# Audio Math Question

• posted

I have a question: Assme I used my computer to make a 20Hz audio track and a 20kHz audio track (both having the same amplitude), I burn it to CD, and play it on my stereo.

How does the sound waves add together so you hear the 20Hz and the 20kHz at the exact same time (assuming I have seperate sub-woofer and a tweeter)?

If you took the average of 20 and 20,000, you'd get (rounding off) 10,000 and would get a combiation of the two numbers.

So how are both sounds reproduced at the same time?

• posted

Take pencil and paper and draw a long wave one or two periods across the page. That represents the 20Hz sound.

Now consider the 20 Hz wave trace your reference and draw on top of that a fast mowing wave with several cycles within one of the 20Hz periods (1000 cycles to be in scale but to understand is enough to draw 10 or 20).

Now you have a fast (HI Freq, packed with many cycles) wave superimposed (on top) of the Low frequency wave.

Mathematically is the sum of two sinusoid at different frequencies.

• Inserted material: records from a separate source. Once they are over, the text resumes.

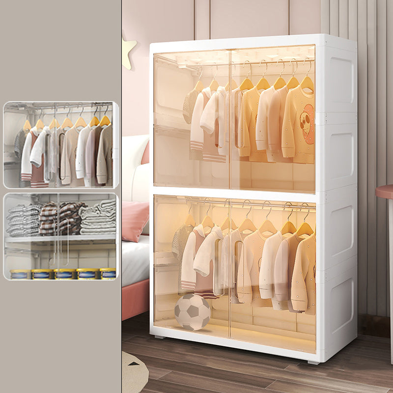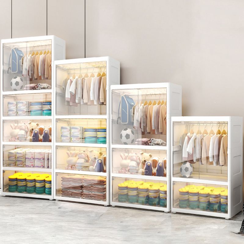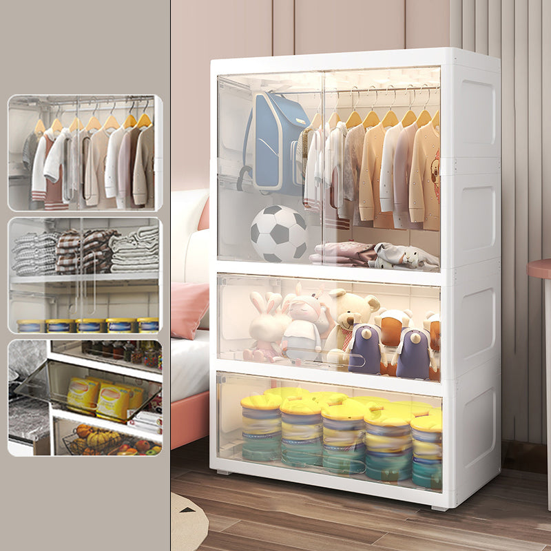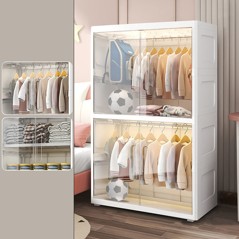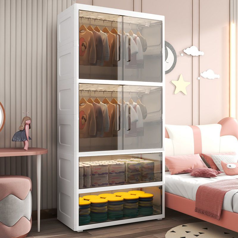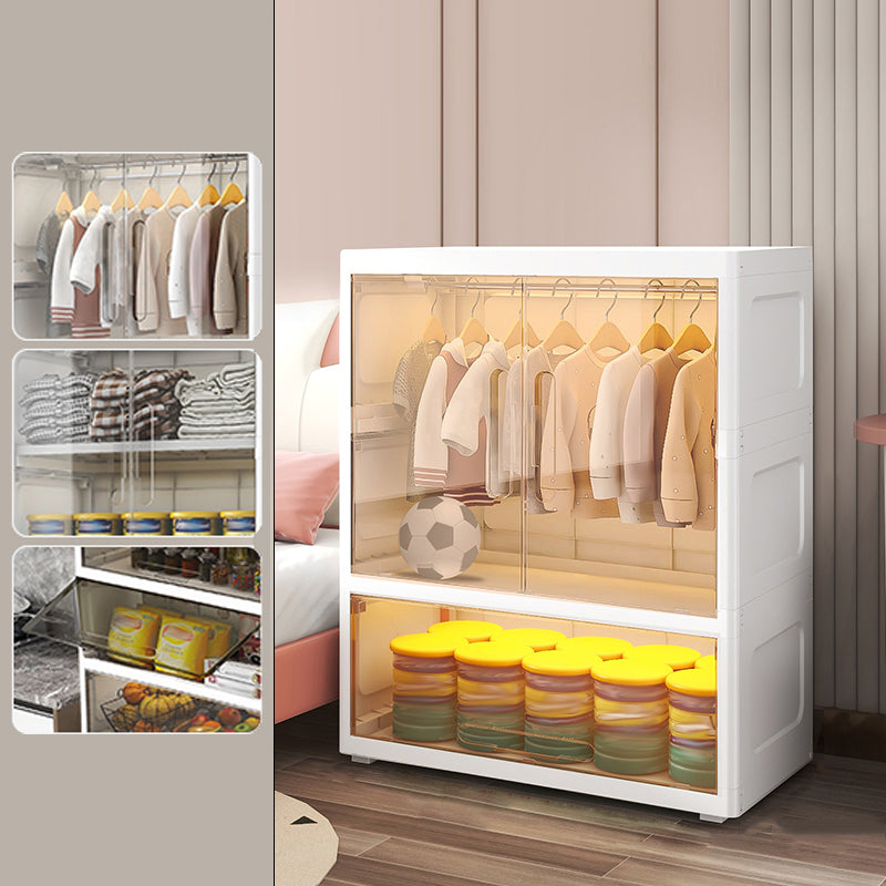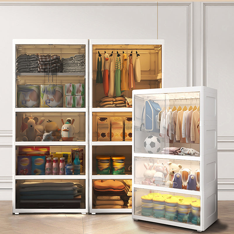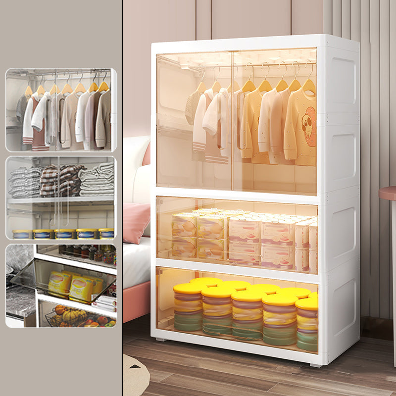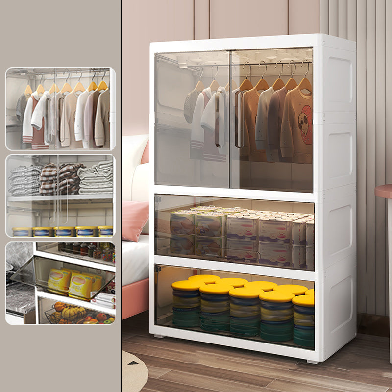 Contemporary Style Youth Armoire Plastic Bedroom Hanging Clothes Rack with Door
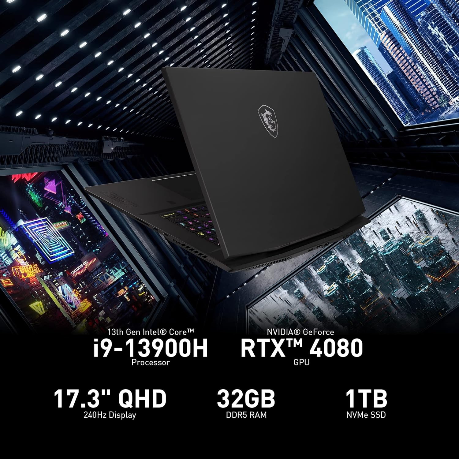 MSI Stealth 17 Studio 17.3" QHD 240Hz Gaming Laptop: 13th Gen Intel Core i9, RTX 4080, 32GB DDR5, 1TB NVMe SSD, Thunderbolt 4, USB-Type C, Cooler Boost...
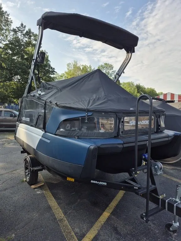 - Features: iBR® - Intelligent Brake & Reverse, iDF™- Intelligent Debris-Free Pump System, RF D.E.S.S.™ key | Audio System: BRP Audio System (Accessory), 100-watt speakers | Furnitures: Switch bimini top, Clear-view side panels, Stern lounge, Sun pads & Sport lounge, Sun pad backrest, 2x corner table, Driver seat with bolster, Rearview mirror, Glove box with dual USB port, 12V outlet, Retractable boarding ladder, Quick-attach inflatable holder, Ski tow eye, LinQ™ attachment points, Under-deck storage compartment, Console storage net, Integrated anchor storage, LED Navigation lights, LED Courtesy light, Integrated cleats (4), 420W battery generator
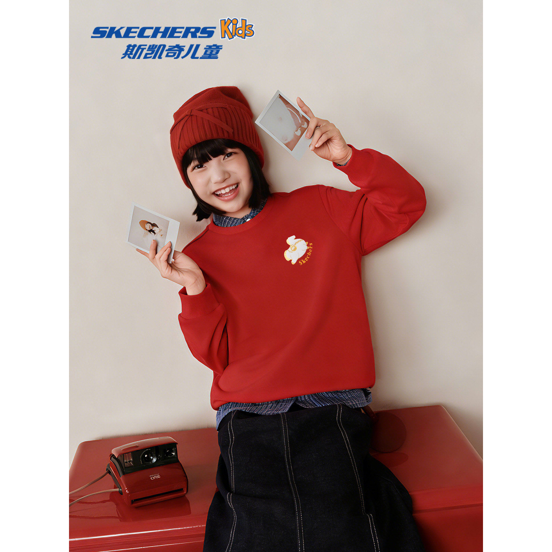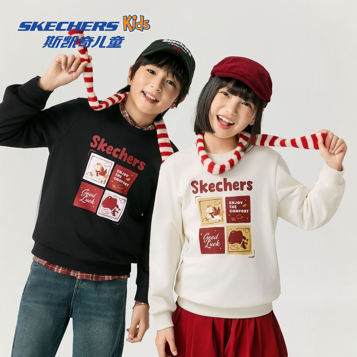 Skechers斯凯奇儿童装本命年红色卫衣马年限定男女童插肩袖衣服
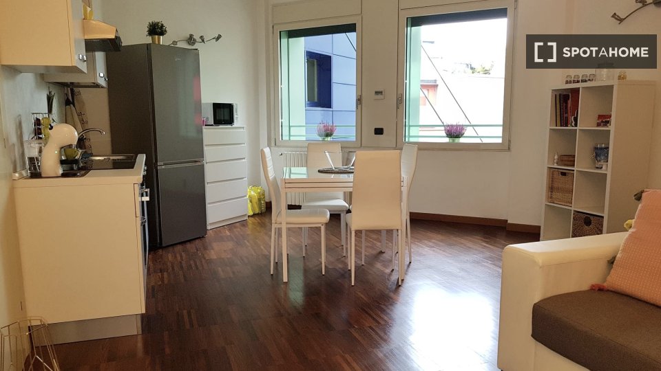 Questo appartamento arredato con una camera da letto a Mecenate, Milano, offre uno stile di vita moderno con una disposizione accogliente e funzionale. L'appartamento dispone di una cucina attrezzata, lavastoviglie e forno, per soddisfare tutte le...
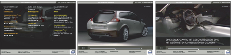 Das diese Darstellungsform auch in Zukunft auf der Website von Volvo verstärkt eingesetzt wird zeigt die Präsentation zum C30 Concept Car.
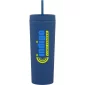 17 oz double wall acrylic tumbler with matching threaded lid, matching soft straw, and rubberized finish. Hand wash recommended. Do not microwave. Complies with FDA, Prop 65. 8.5" H x 3.25" W
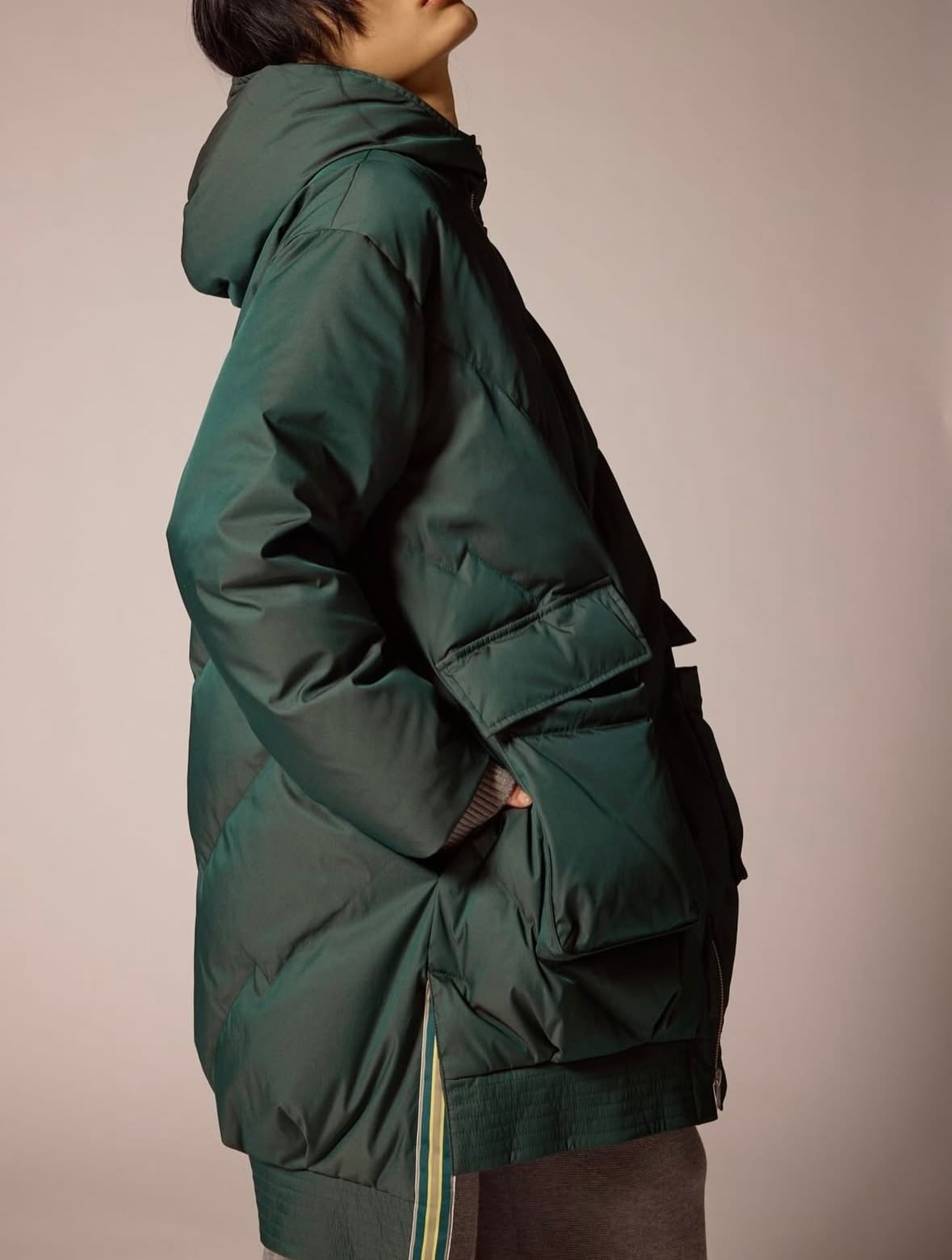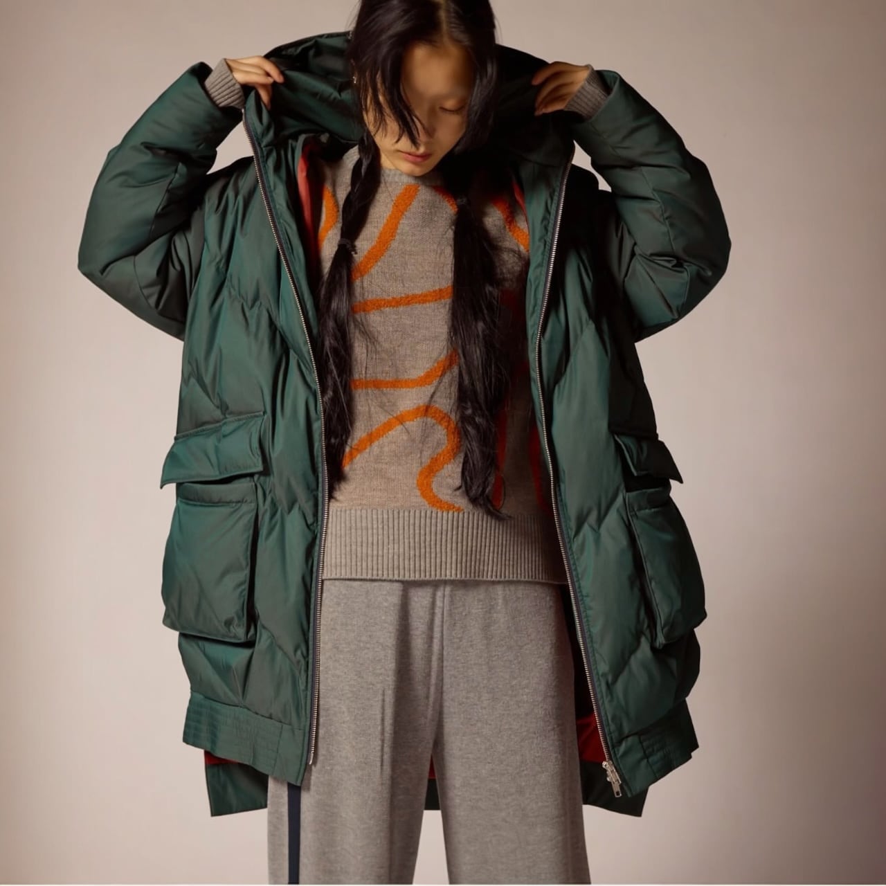 立体的なキルトと大ぶりのフラップポケットが存在感を放ち、ミリタリーのムードをモダンにアップデートしています。

When the amplifier reproduce this voltage and drives the loudspeaker, the loudspeaker cone follows the complex waveform vibrating very fast around a central position that also moves slowly.

The resulting sound is exactly the 2 frequencies 20Hz and 20kHz and you could hear them you could sense them separately.

A more interesting experiment is to superimpose, let'say a 1000Hz and a

1010Hz then the two sinewaves will add and reinforce each other for 1/20 of a second and then the 1010Hz will be 1/2 cycle ahead of the other and be out of phase and the 2 waves will tend to erase each other for another 1/20 of a second.